Полковник благодарно обнял и звучным поцелуем от души облобызал своего глубокотонкого и политичноумного советника. Недаром оба они называли себя цеглой велькего будованя.[42]
Приятели роспили заветную бутылку; ксендз вдосталь полакомился вареньем, и Пшецыньский стал прощаться. Опять они взялись под локти и взаимно облобызались дважды.
— Ах, да!.. Чуть было не забыл! — остановил Кунцевич своего гостя, провожая его в прихожую. — Если пан увидит завтра утром пани Констанцию, то пусть скажет, что я заеду к ним часов около трех; надо внушить ей, пускай-ко постарается хоть слегка завербовать в стадо этого фон-Саксена… Он, слышно, податлив на женские речи… Может, даст Бог, и из этого барона выйдет славный баран! — с обычным своим тихим и мягким смехом завершил Кунцевич, в последний раз откланиваясь Пшецыньскому.
Они расстались, но оба в тот вечер не закончили еще свою деятельность на приятельском разговоре. И тот и другой долго еще сидели за рабочими столами в своих кабинетах. Один писал донесение по своему особому начальству, другой — к превелебному пану бискупу с забранего края.
Дня два спустя после панихиды в нумер к Хвалынцеву заглянул Устинов.
— А я к тебе на минутку, — начал он, снимая калоши и разматывая гарусный шарф. — С тобой желает познакомиться одна милая девица… Лубянская. Может, ты заметил? стриженая; стояла около этого Полоярова, что в кумаче-то ходит.
— Что же этой милой девице нужно от меня? — лениво проговорил Хвалынцев, лениво подымаясь с дивана.

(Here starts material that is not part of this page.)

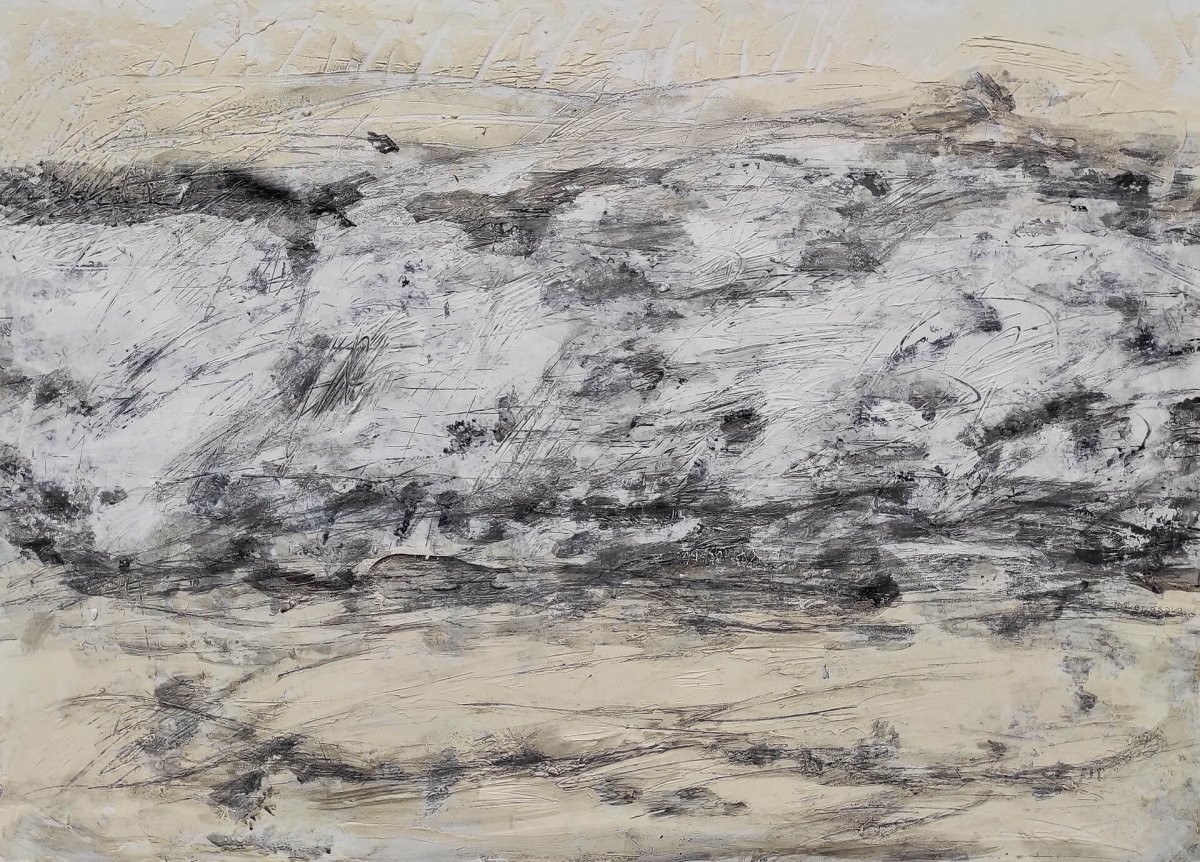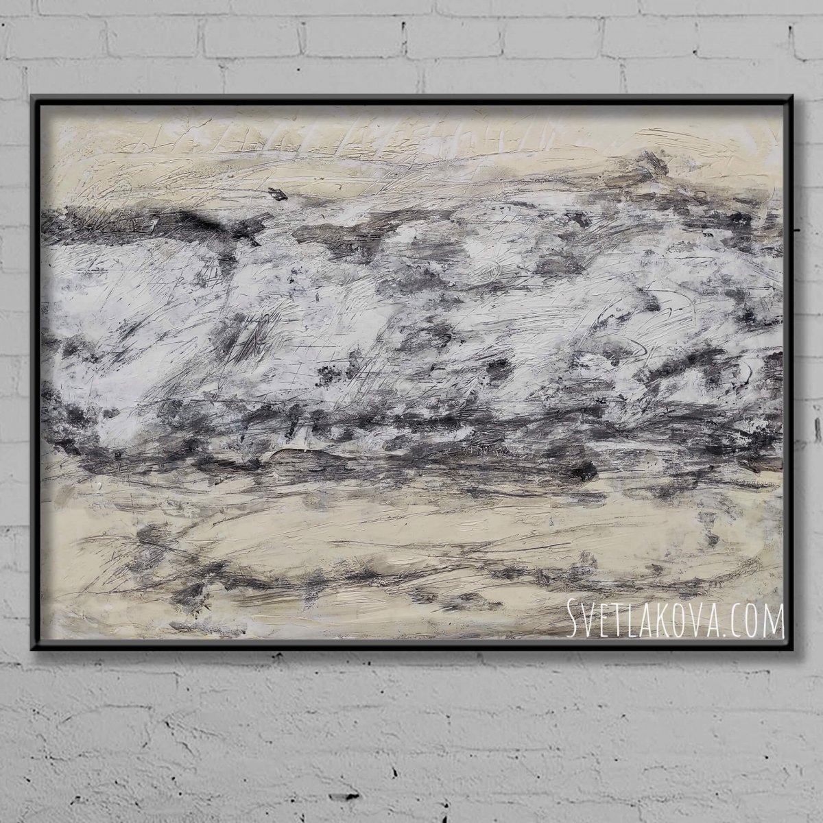 Текстурный монохромный бежево-серый абстрактный пейзаж.

— Ну, как "что?" Ты ведь, в некотором роде, интересная личность, новый человек здесь, да еще и в Снежках был… Нет, она в самом деле добрая! Если хочешь, отправимся нынче вечером, — я забегу за тобою.
— Да ведь скука, поди-ко? — поморщился было Хвалынцев.
— Нет, ничего! Увидишь разных народов… Между прочим, Татьяна Николаевна Стрешнева будет, — как бы в скобках заметил учитель.
— Ах, это — та! — воскликнул студент, не сумев воздержаться от хорошей, открытой улыбки.
— Она самая.
— Ну, пожалуй, поедем!.. Я не прочь.
- Â кстати, слышал ты самую новую новость? — серьезно; спросил Устинов, собравшись уже уходить от приятеля. — Говорят, что нынче ночью арестовали нескольких человек из бывших на панихиде.
Хвалынцева слегка покоробило, словно бы и за самим собою почувствовал он возможность быть арестованным.
— Что ж, мудреного ничего нет, — пожал он плечами.
— Штука скверная… и довольно грустная. Вечером, вероятно, услышим кой-какие подробности, — заключил Устинов, подавая руку на прощанье.
* * *
На весьма скромной и порядком-таки пустынной улице, называемой Перекопкой, стоял довольно ветхий деревянный домик о пяти окнах. Наворотная жестянка гласила, что дом сей принадлежит отставному майору Петру Петровичу Лубянскому. В калитку этого самого дома, часов около восьми вечера, прошли двое наших приятелей.
Почти в самых дверях из прихожей в небольшое зальце Хвалынцева встретила миловидная брюнеточка, в простом люстриновом платье темного цвета, с пухленьким личиком в том характере, который наиболее присущ брюнеткам чисто русской породы.
— Хвалынцев? — вскинула она на него улыбающиеся глазки, не прибавя к его имени обычного прилагательного "господин".
— Хвалынцев, — подтвердил ей студент с поклоном.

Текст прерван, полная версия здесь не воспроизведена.